Not after he seemed to use Deadline as a steppingstone to his greater publishing ambitions. His larger aims came into focus in 2012, when he was closing in on a deal to buy Variety. It was the start of a spree that would eventually make Penske Media Corp. the owner of Variety, Rolling Stone, Women’s Wear Daily, The Hollywood Reporter, Billboard and Vibe.
Tensions flared between the journalist and the budding magnate not long after his company’s October 2012 acquisition of Variety. In April 2013, after Roger Ebert died of cancer, Finke slammed Variety, writing that the publication was “up to its old tricks” by calling around to studios to solicit what an anonymous source told her were “creepy obit ads.” “That is Variety’s longtime but in-bad-taste revenue-raising practice that I hoped would have disappeared under Jay Penske (who also owns Deadline),” Finke wrote.
The public squabbling continued into September 2013, when Finke threatened to take her act to a new site, NikkiFinke.com. A Penske spokesperson fired back, saying her contract prohibited her “starting any other website.”
Two months later, Finke left Deadline. In June 2014 she began reporting once more on the entertainment industry at NikkiFinke. com, apparently in defiance of her contract. She also used the new site to attack Penske, calling him “Little Lord Fauntleroy.”
Toward the end of that summer, after negotiations with Penske, she shut down the site. She did not report on the industry after that. Hollywood’s most feared reporter had been effectively silenced.
“Given the pace at which she was working, I think some part of her was relieved,” Bush said. “But she missed the thrill. It was in her bloodstream.”
In 2015, Finke started Hollywood Dementia, a site that published fiction about Hollywood. By 2017, her vision was deteriorating, so much so that she could no longer drive to her vacation home in Palm Desert, California. She moved part time to a high-floor condo in Boca Raton, Florida.
Perhaps surprisingly, her relationship with Penske rebounded. The truth was that he loved her, and she loved him. “Despite the toxicity and challenges, and saying irrational things to employees, I wouldn’t change much,” Penske said in an interview.
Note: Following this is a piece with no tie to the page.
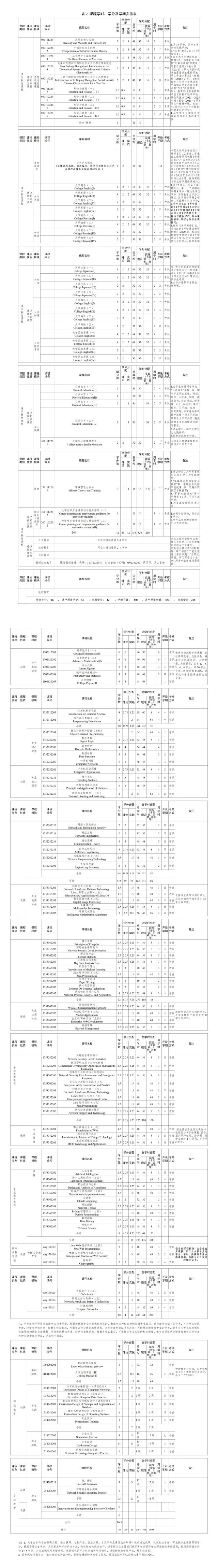 主要课程:高等数学、线性代数、概率论与数理统计、计算机科学导论、程序设计基础(上机)、大学物理、面向对象程序设计(上机)、数字逻辑、离散数学、计算机组成原理、路由与交换技术、数据结构、操作系统、数据库原理与应用、网络与信息安全、计算机网络、网络工程、通信原理、网络编程技术、工程经济学等。
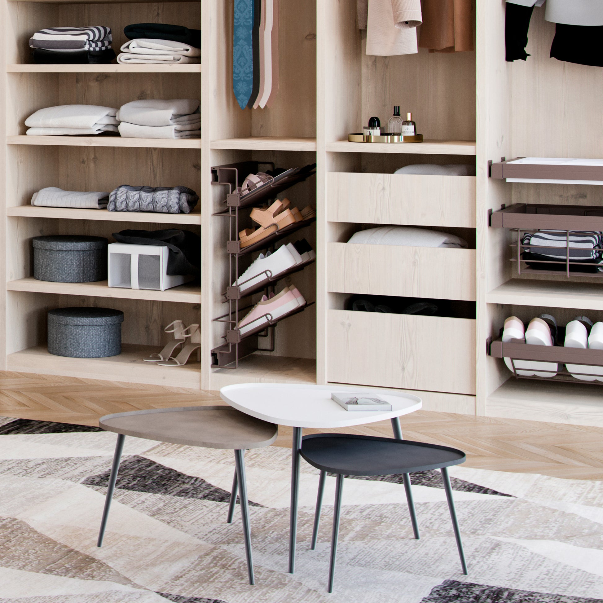 El zapatero lateral extraíble Moka permite organizar de forma eficiente el espacio en el interior de armarios y vestidores, facilitando el acceso a las prendas. Está fabricado en acero con acabado pintado en marrón moka y plástico, y sus guías disponen además de cierre suave.

Friends said he stepped in to help her as her health problems worsened, footing medical bills and sending her to the Mayo Clinic to have surgery on her damaged vocal cords – damage brought on by diabetes.
Penske recalled seeing her after the operation. “They told her, ‘You can’t speak for the next day or so,'” he said. “She tried to ask them a question, but her voice was all raspy and low, and she started screaming at all these poor doctors, saying she was going to kill them. They’d never met such a Hollywood fireball.”
From time to time Finke and Penske talked about a professional reunion. But aside from writing her reminiscence for Deadline on its 10-year anniversary, she never went back. “It was always going to be something she flirted with and didn’t do,” Hammond said.
Penske found a way to visit Finke in her final days through a ruse.
“He called me and said: ‘What’s the address? I want to send flowers,'” Hammond said. “Had I known he was going to visit, I probably wouldn’t have given it to him.”
“When I came in,” Penske said, “she had fallen asleep. One of the nurses had said she wasn’t taking visitors. I said we were friends. And then she woke up. She just looked at me and started crying.”